Bureau of Land Management embraces new Public Lands Rule for conservation-centric management

Arizona poised to lead in sustainable land management, bolstered by federal support and community engagement.

BLM Directors Tracy Stone-Manning, director of the Bureau of Land Management, Ray Suazo, BLM Arizona State Director and Leon Thomas, district manager of the BLM Phoenix district office at the the Goldfield Recreation Area on Wednesday, April 24, 2024.
Katya Mendoza, AZPM News

The new Public Lands Rule, which was announced by the Bureau of Land Management (BLM) last month, will help guide management decisions that place conservation at the forefront, safeguarding the 245 million acres of lands and waters the agency oversees.

In Arizona, the state will benefit from the policy pivot by allowing the state to offer long durable solutions for healthy lands and waters into the future, according to BLM national director, Tracy-Stone Manning.

“What we’re doing is putting conservation on par, on equal footing with all of the other multiple uses that we do,” Stone-Manning said.

The director recently stopped in Arizona to visit one of the many parcels of land that the agency is responsible for managing, the Goldfield Recreation Area, just northeast of Apache Junction.

The area of about 1,091 acres was proposed as a special recreation management area last year and was recently reclaimed from illegal dumping and camping overstay.

Leon Thomas, district manager for the Phoenix district office said approximately 110 encampments, varying from burned out and abandoned to people still living there, were cleared.
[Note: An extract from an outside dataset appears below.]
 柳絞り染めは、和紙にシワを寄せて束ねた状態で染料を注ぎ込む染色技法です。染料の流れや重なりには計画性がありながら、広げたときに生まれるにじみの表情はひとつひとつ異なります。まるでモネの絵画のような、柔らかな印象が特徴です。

The agency had brought in social service organizations like ASU Action Nexus on Housing and Homelessness to offer unsheltered folks services, later mitigating the land and using fuel treatments to create fire breaks to improve the landscape and return it to its natural state.
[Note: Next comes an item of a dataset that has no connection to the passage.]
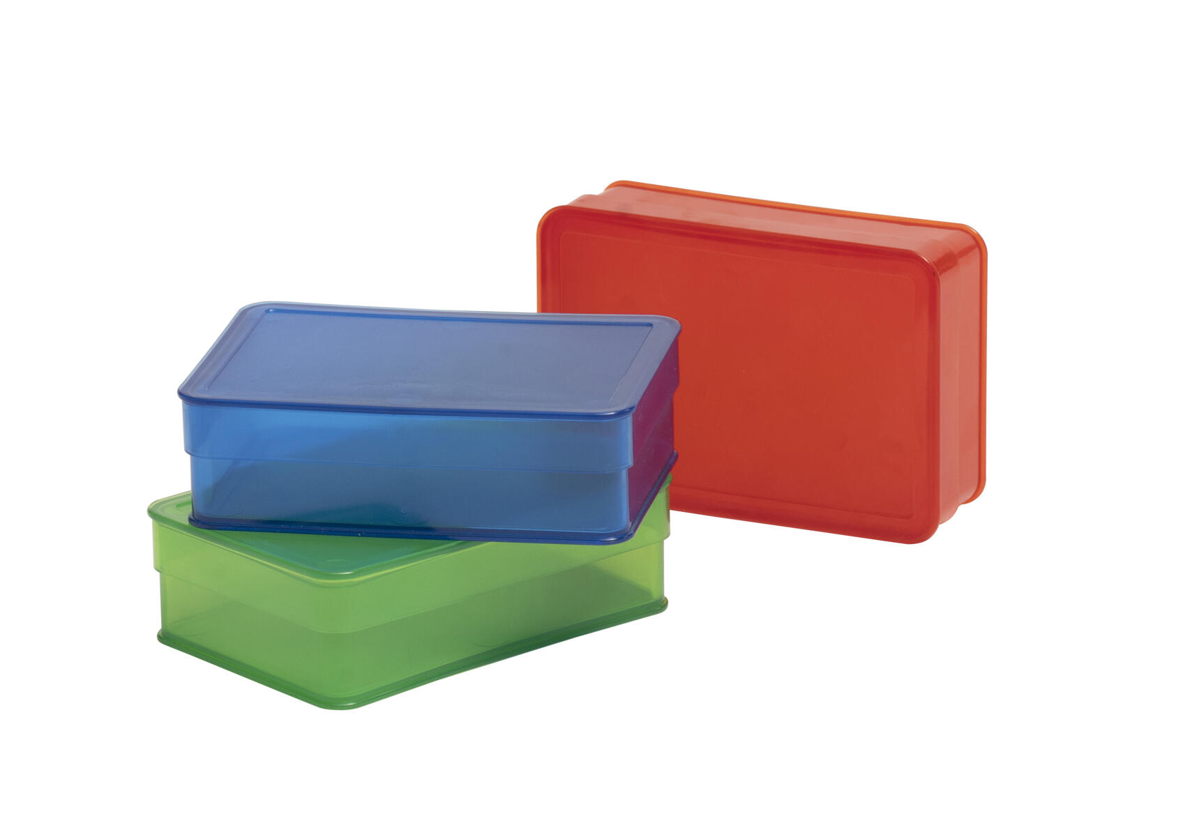 Plastboks med 3 niveauer. Låg med håndtag og mindre håndtag på siderne. Til sortering og opbevaring af bl.a. rørperler. Hvert niveau indeholder 6 rum, i alt er der 18 rum. Rummer ca. 6.000 rørperler i midi-størrelse. Af PP-plast. Mål: 13x16,5x15,5 cm.
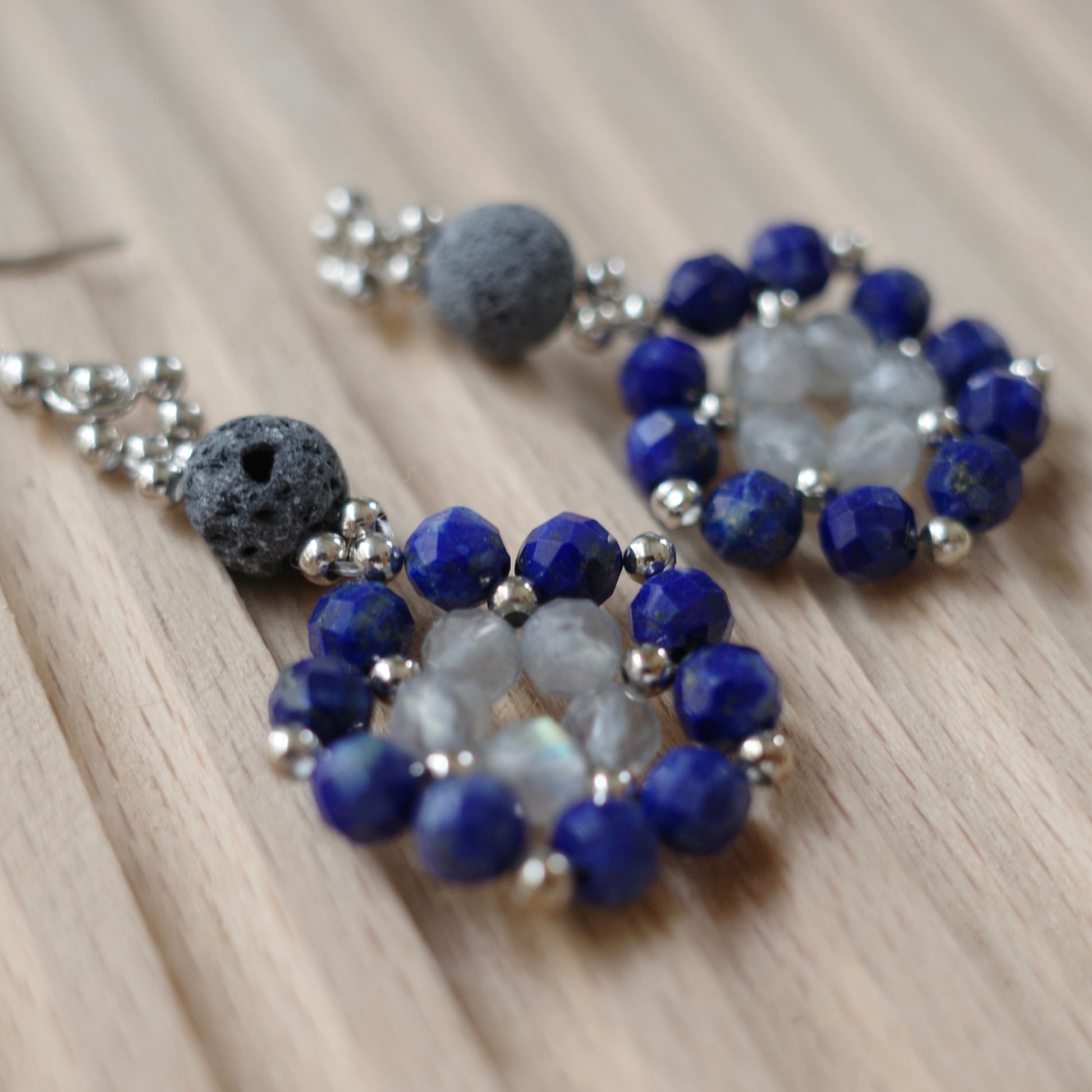 ピアスの溶岩部分(花輪上の一粒)にエッセンシャルオイルを1、2滴垂らし、香りをお楽しみください。ご入浴など、水に濡れる場合は外してください。

Ray Suazo, BLM Arizona state director, thinks that the new rule will help restore public lands and keep wildlife corridors viable and available.

“In’s getting hotter and drier, the climate impacts are in front of us…making conservation a priority, helps us pay attention to the changing landscape and make it a priority when we’re talking about restoring landscapes,” Suazo said.

“We have rules around developing oil and gas, we have rules around grazing, rules around renewable energy and now we’re putting a framework or a rule around how we implement the conservation side of our mission so that we can ensure these lands and waters are healthy for future generations,” Stone-Manning said.

In Arizona, BLM oversees 12.1 million acres of surface land and 17.5 million subsurface acres.

Suazo noted that through the Bipartisan Inflation Law (BIL) and Inflation Reduction Act (IRA), the BLM has been able to do restoration work and identify conservation opportunities, due to a $15.2 million investment from President Biden’s Investing in American Agenda.

Since being signed into law, the BIL has funded over $21 million in projects in Arizona.